Suasana di dalam ruang praktek dokter di sebuah rumah sakit anak di Beijing. (China Photos/Getty Images)

“Di permukaan, tampak seolah-olah [kaum muda] tidak ingin memiliki anak, tetapi pada kenyataannya, ini adalah masalah ketidakberanian. Mereka tidak berani, itulah sebabnya mereka tidak mau,” demikian Les Misérables menyimpulkan dalam tulisannya. Blogger tersebut meninggalkan sebuah pertanyaan di akhir tulisan, yang tidak ia jawab: “Masalah intinya adalah mengapa orang tidak berani memiliki anak?”

Selain masalah populasi yang menua di Tiongkok, rezim Tiongkok melaporkan tingkat pengangguran kaum muda yang mencapai rekor tertinggi sebesar 21,3 persen pada Juni.

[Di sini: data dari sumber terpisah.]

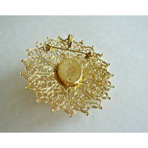 For your consideration is a lovely vintage brooch with a topaz glass center that opens to hold perfume and a cameo scarf clip, circa 1970's.
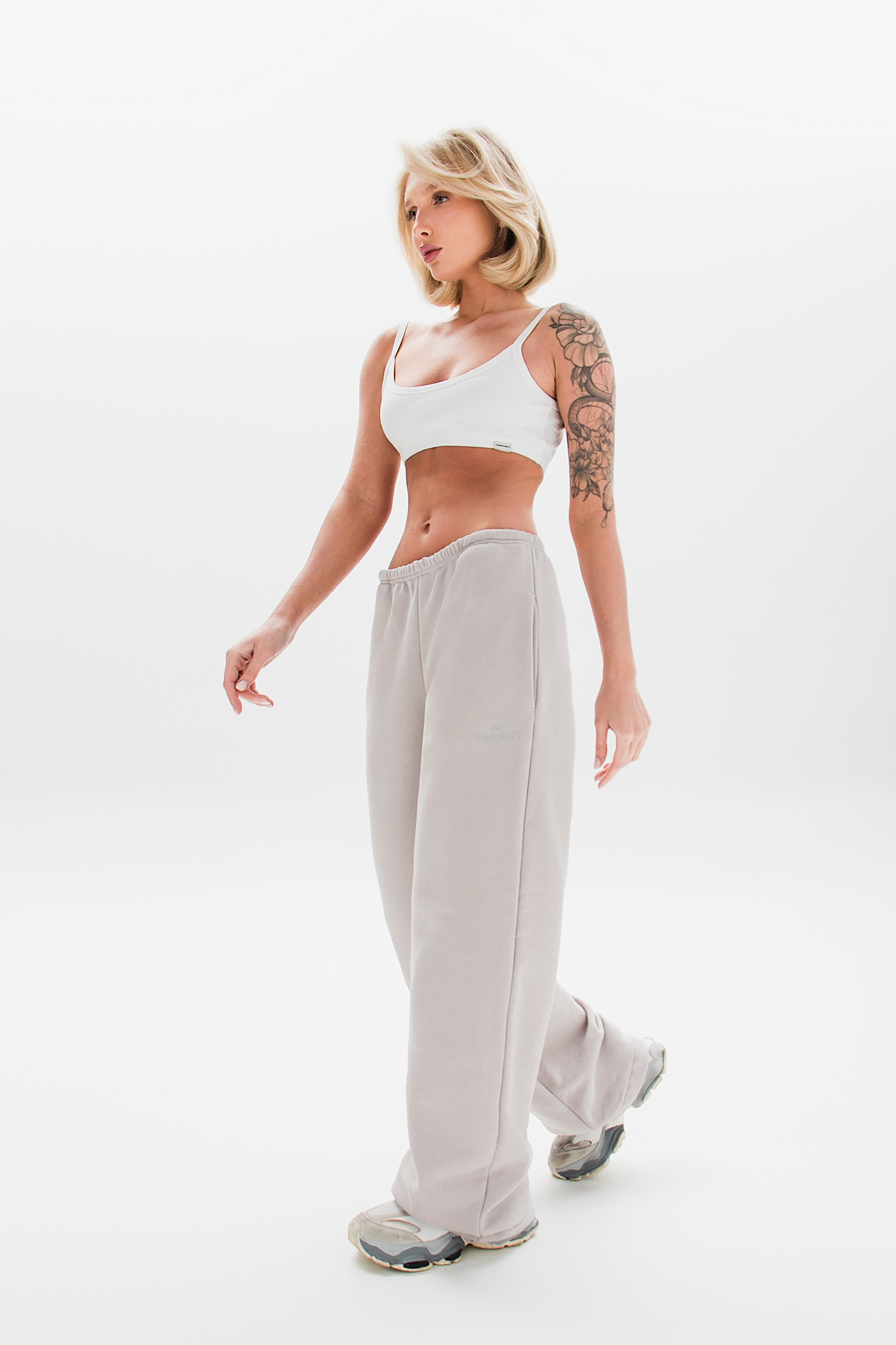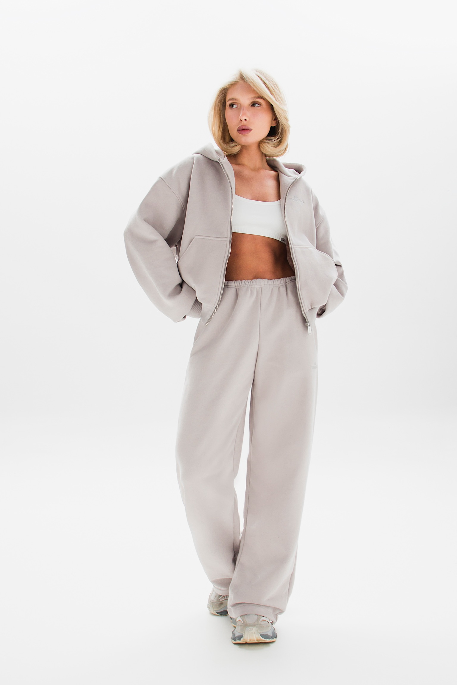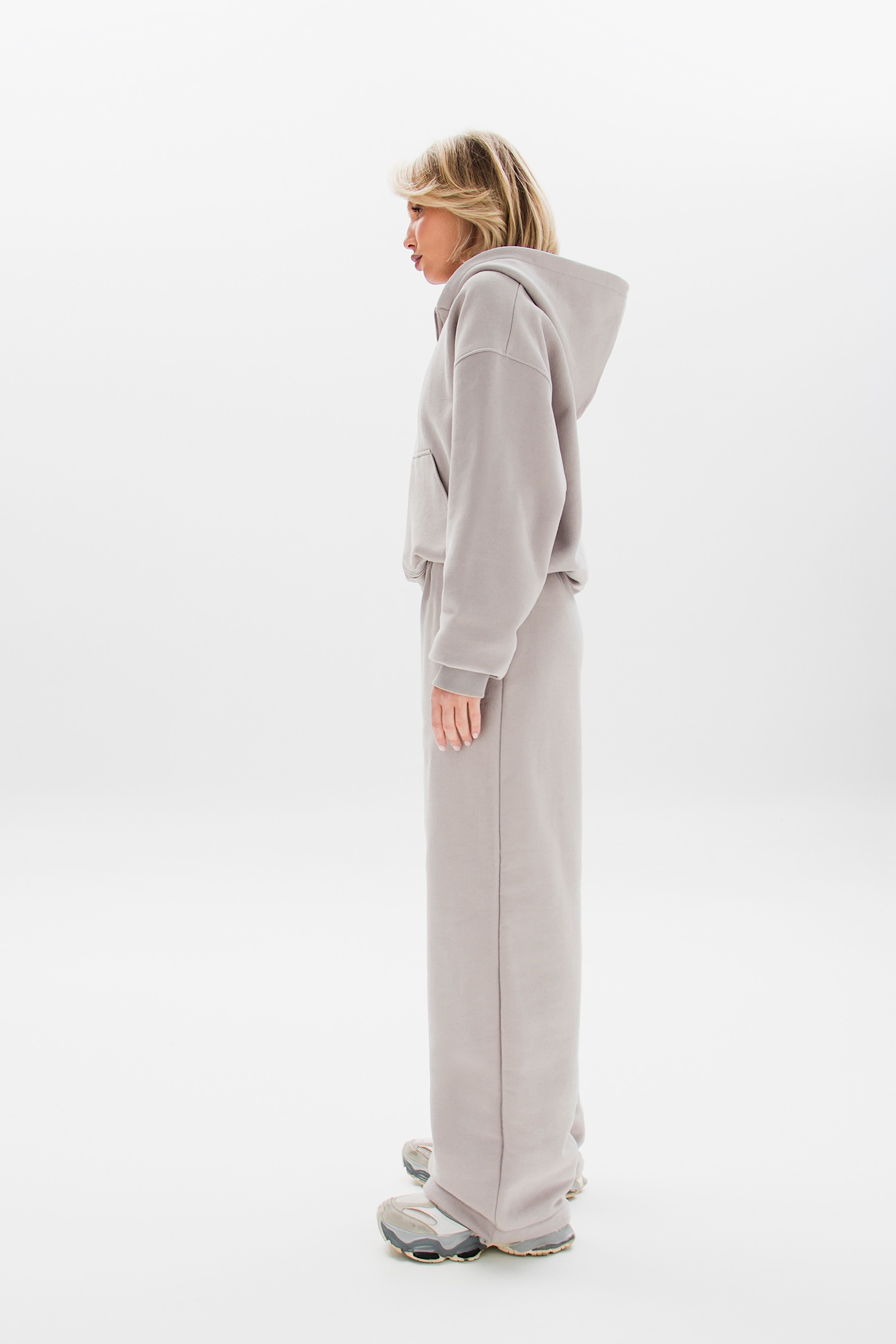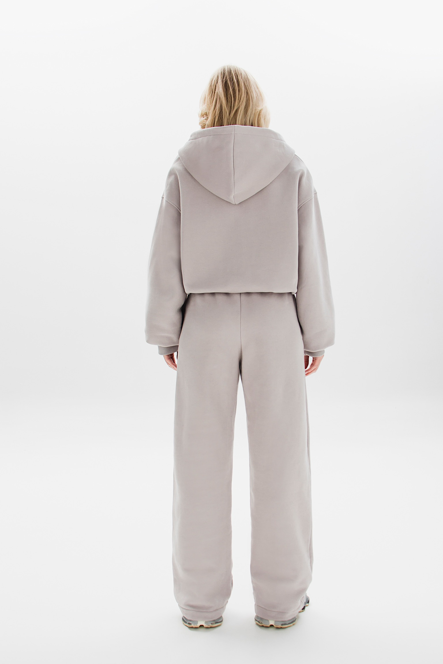 Брюки можно носить как классические палаццо или трансформировать в стильные джоггеры, используя скрытые фиксаторы снизу. Такой функциональный дизайн подойдет для создания различных образов
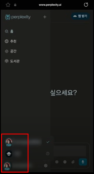 2. 메뉴 하단에서 퍼플렉시티 AI를 선택합니다.
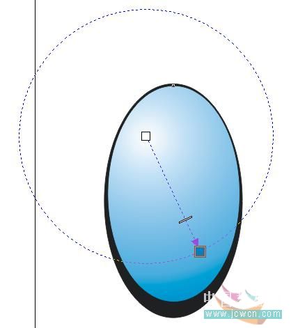 10、將復制的橢圓適當縮小,選擇“交互式填充工具”,在屬性欄中設置“填充類型”為“射線”,起點顏色為藍色(c:100,m:10,y:10),終點顏色為白色,如圖10a所示:
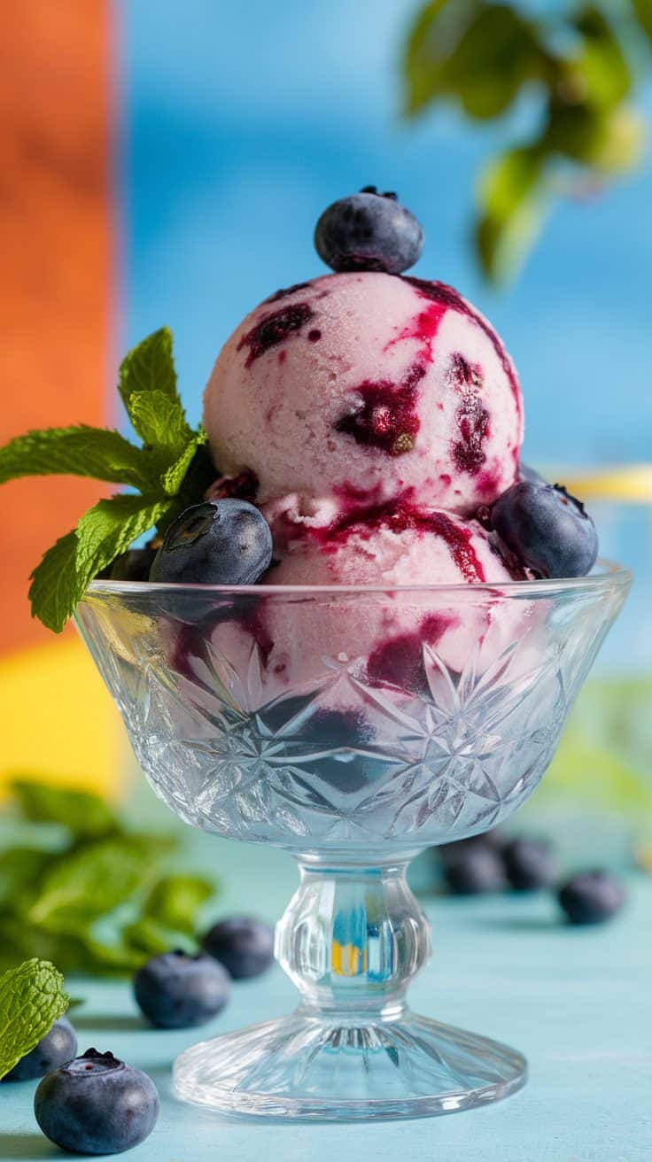Blueberry Bliss Sorbet is a refreshing treat that bursts with flavor. It blends sweet blueberries with a hint of tartness, making it perfect for hot days. Enjoy it on its own or topped with fresh blueberries for an extra touch!
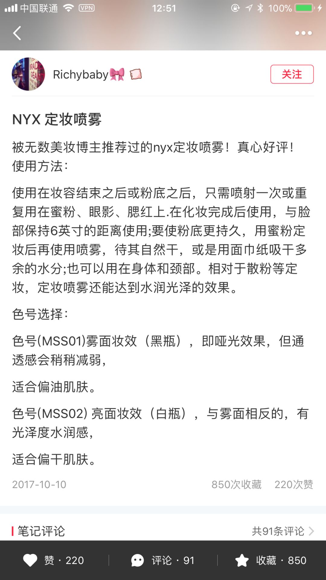 上面推荐的这款是合适干皮的光面喷雾,如果你是油皮妹子就不要尝试了哦~能够购买下面这款雾面喷雾,妆效一样高级。
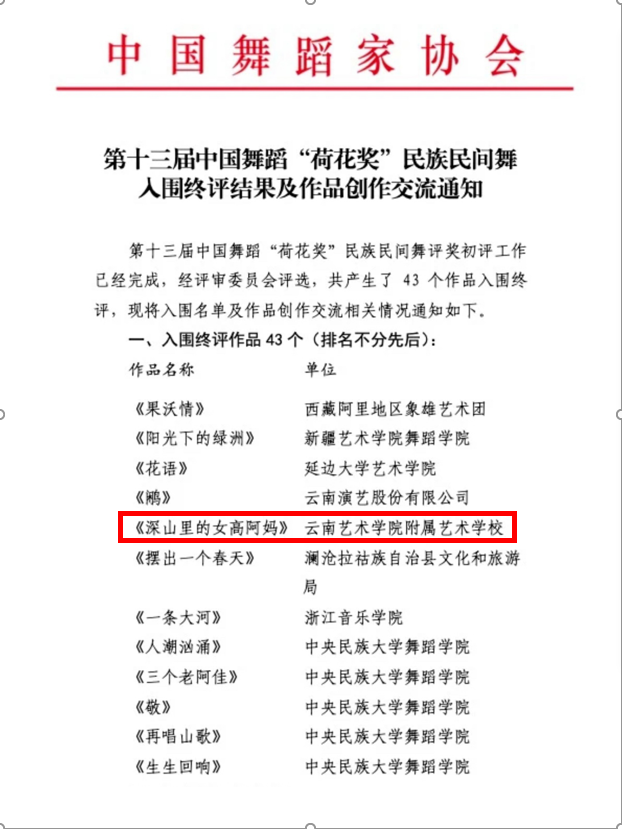 9月3日,第十三届中国舞蹈“荷花奖”民族民间舞评奖初评工作落下帷幕,经评审委员会评选,全国共产生43个作品入围终评。其中,由我校创作的现实题材女子群舞《深山里的女高阿妈》在全国各省、市、自治区、直辖市推送的327作品中脱颖而出入围终评。
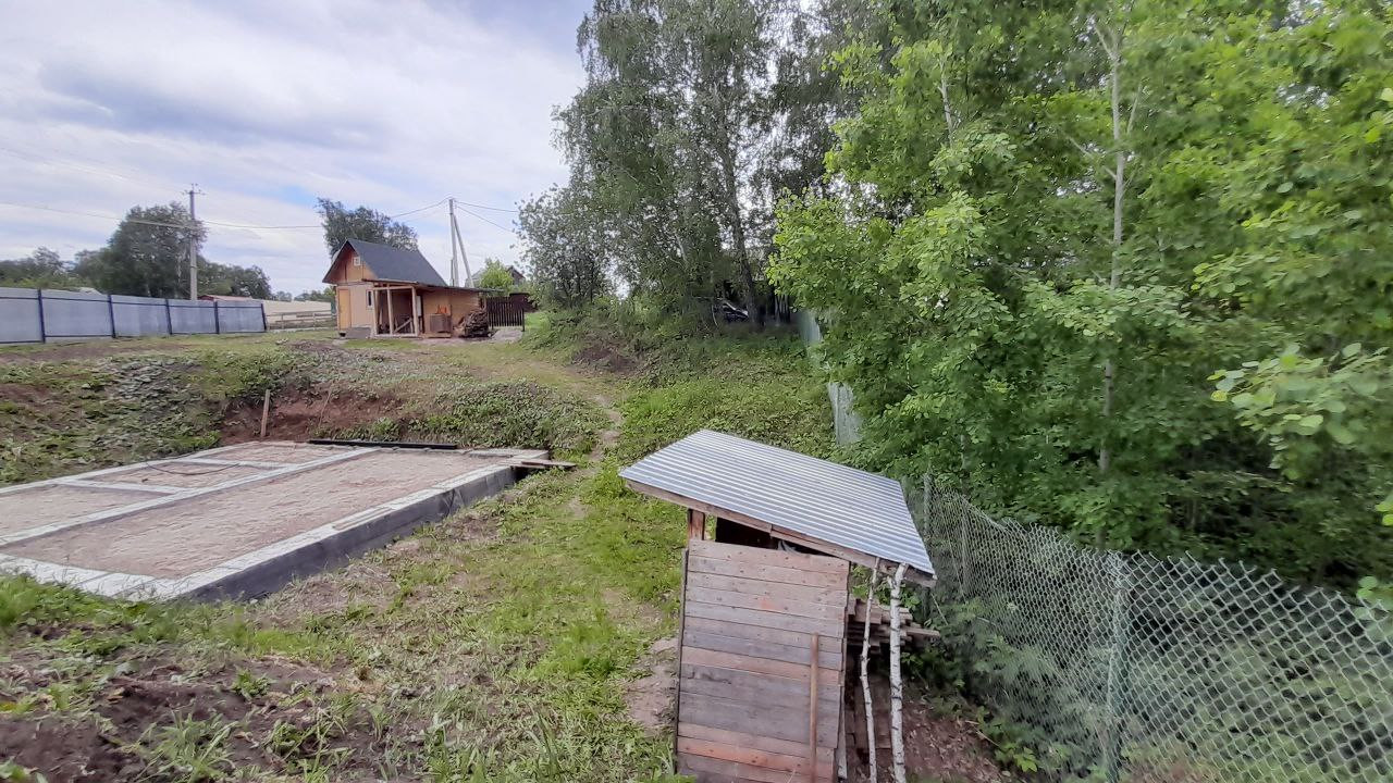 2 года назад залит ленточный фундамент 8х9 под дом(по плану дом должен быть с цоколем), в прошлом году в угол выведен шланг с круглогодичным водопроводом из скважины. Поставлен септик 2-х камерный переливной из бетонных колец(труба слива доведена до границы фундамента). Есть возможность подключить кабельный интернет.
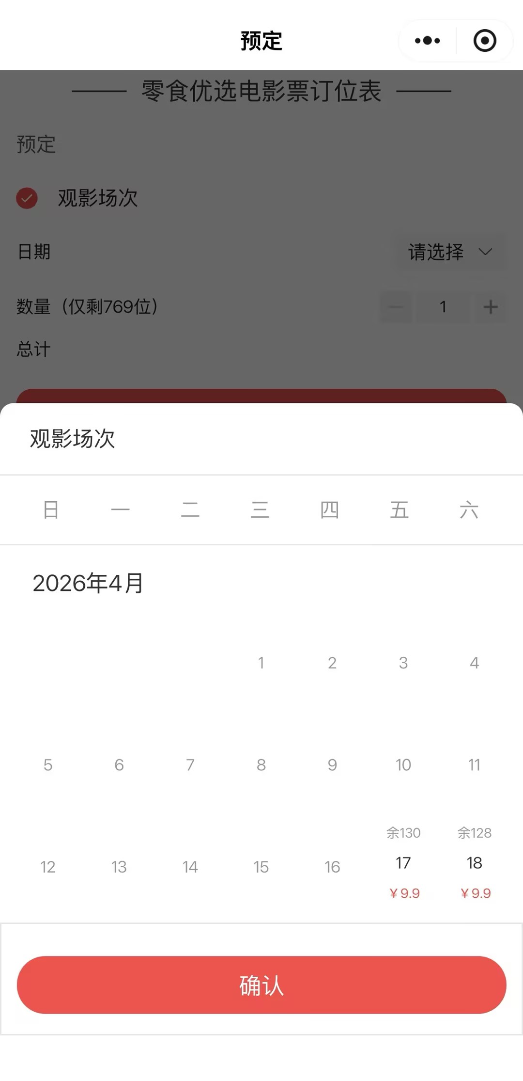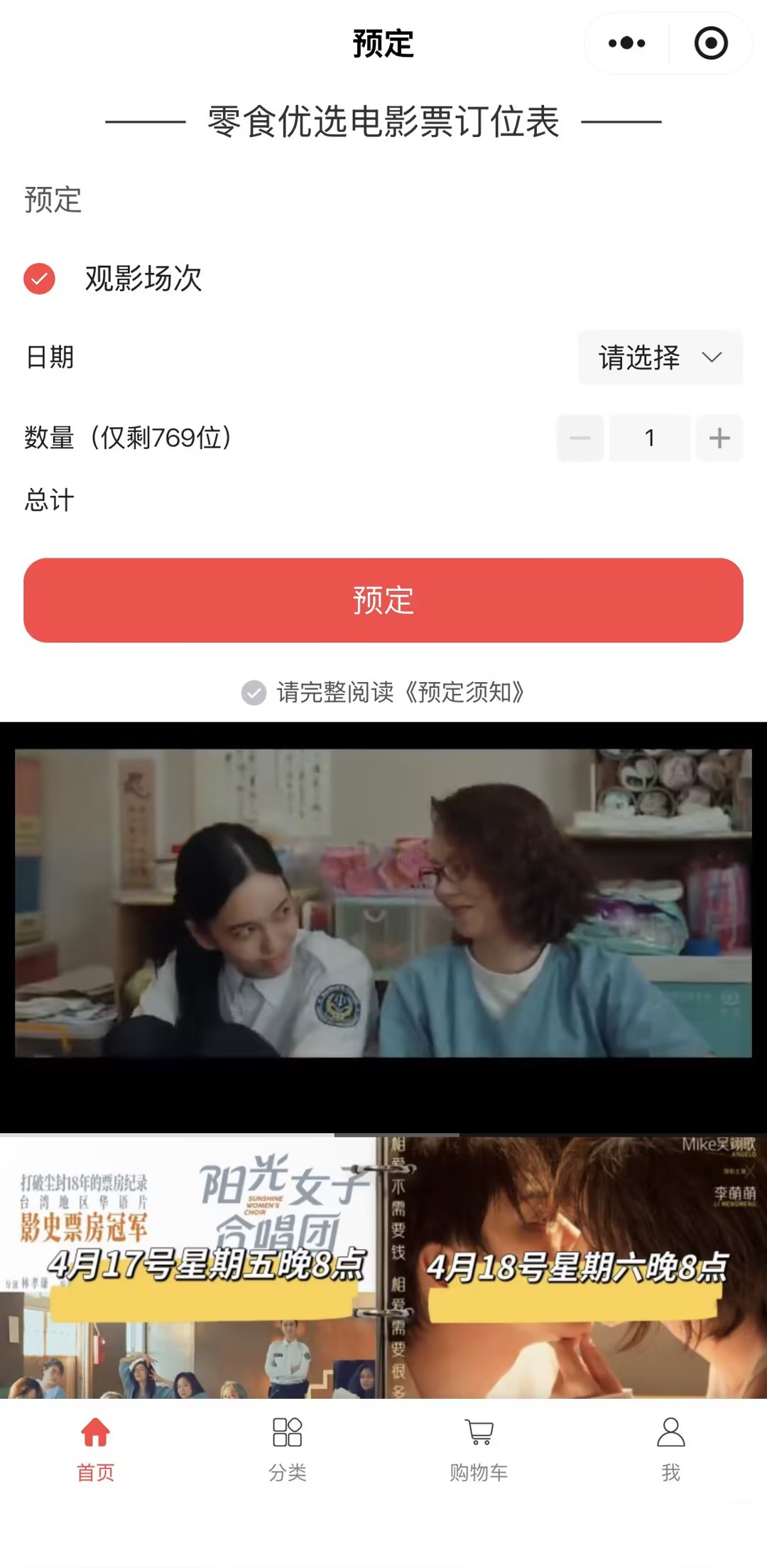 零食优选看电影 电影票预定订位案例小程序
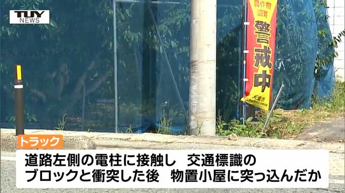 警察によりますとこの事故は22日午前6時20分ごろ、天童市川原子の国道48号で、トラックが道路左側の小屋に衝突したものです。
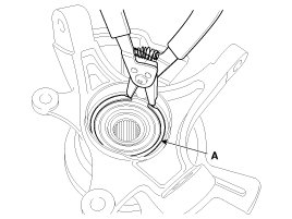 (1) Install a suitable tool (A) for removing the hub bearing inner race on the hub assembly.
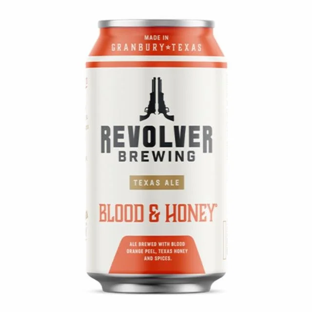 Revolver Blood & Honey is a smooth, unfiltered wheat ale brewed with Texas honey, blood orange peel, and a touch of spice. It pours a hazy golden color and delivers a balanced mix of light sweetness, bright citrus, and soft, bready malt. Refreshing yet flavorful, it’s an easy drinking beer with a distinctive Texas character.

Menurut laporan Forum Ekonomi Makro Tiongkok (CMF), krisis pengangguran kaum muda yang sedang berlangsung dapat bertahan selama 10 tahun ke depan dan “memburuk dalam jangka pendek.”

Langkah-langkah nol-COVID yang kejam dari rezim komunis menambah ketakutan kaum muda untuk memiliki anak yang akan lahir dan tumbuh dalam masyarakat yang totaliter.

Pada bulan Mei, seorang pria di Shanghai yang dilaporkan menolak untuk pergi ke tempat isolasi pusat diperingatkan oleh polisi bahwa tindakannya dapat menyebabkan konsekuensi yang akan mempengaruhi keluarganya selama “tiga generasi.” Pria itu menjawab: “Kami adalah generasi terakhir.” Sentimen “generasi terakhir” ini mewakili sejumlah besar anak muda yang memprotes kurangnya martabat yang mereka alami di bawah PKT dan kebijakan tanpa COVID-19 serta kebijakan kejam lainnya.

Xia Song dan Mary Hong berkontribusi dalam laporan ini.